Walla Walla County Auditor Karen Martin said 30.09 percent of registered voters cast their ballots in Tuesday's election.

She said the number is an improvement for an "odd-year primary" over the last few years.

"There's been a lot of times we haven't even had a primary during the odd year because not enough people filed" to run for office, she said.

County elections officials counted 4,917 ballots Tuesday night. Another 53 had been submitted but have not yet been counted because of signatures that need checking or other markings that require further study.

Another 588 ballots came in this morning. Of those, 290 were from area drop boxes, and 298 came via mail. Martin said the majority of those should be counted Friday. She did not yet know if any might have had signature or other issues.

Martin acknowledged the timing of the election may make pose difficulties for voter turnout. With the primary in August, many people are occupied with vacations and other obligations.

That's even the case with three major races for public office on the ballot.
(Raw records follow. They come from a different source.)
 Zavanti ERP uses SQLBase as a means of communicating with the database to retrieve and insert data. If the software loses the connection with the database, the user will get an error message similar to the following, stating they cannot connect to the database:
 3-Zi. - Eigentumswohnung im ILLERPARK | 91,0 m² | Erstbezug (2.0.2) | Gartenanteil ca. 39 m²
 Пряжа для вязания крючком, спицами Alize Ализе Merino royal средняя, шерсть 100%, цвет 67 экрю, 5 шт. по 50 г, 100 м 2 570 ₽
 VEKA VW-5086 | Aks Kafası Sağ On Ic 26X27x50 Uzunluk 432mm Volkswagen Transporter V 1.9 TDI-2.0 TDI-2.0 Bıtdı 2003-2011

Two Walla Walla City Council seats and one Port of Walla Walla Commission position were up for election. Ballots for many voters may not have reflected all of the races because the Council positions are determined just by residents of the city, and the Port seat is determined in the primary just by residents of the district being represented.

Martin said the county typically receives its first crush of returned ballots right after they've been mailed out to voters. From there the ballots trickle in slowly until the cutoff, she said. The day after the election often includes a crush of ballots. By then, the direction of the votes is usually already established.

The direction of tight races can be changed by the votes that come in the last-minute ballots, Martin said. But that's only the case of close races, she said.

"Generally, once the trend is set it doesn't change too much," she said.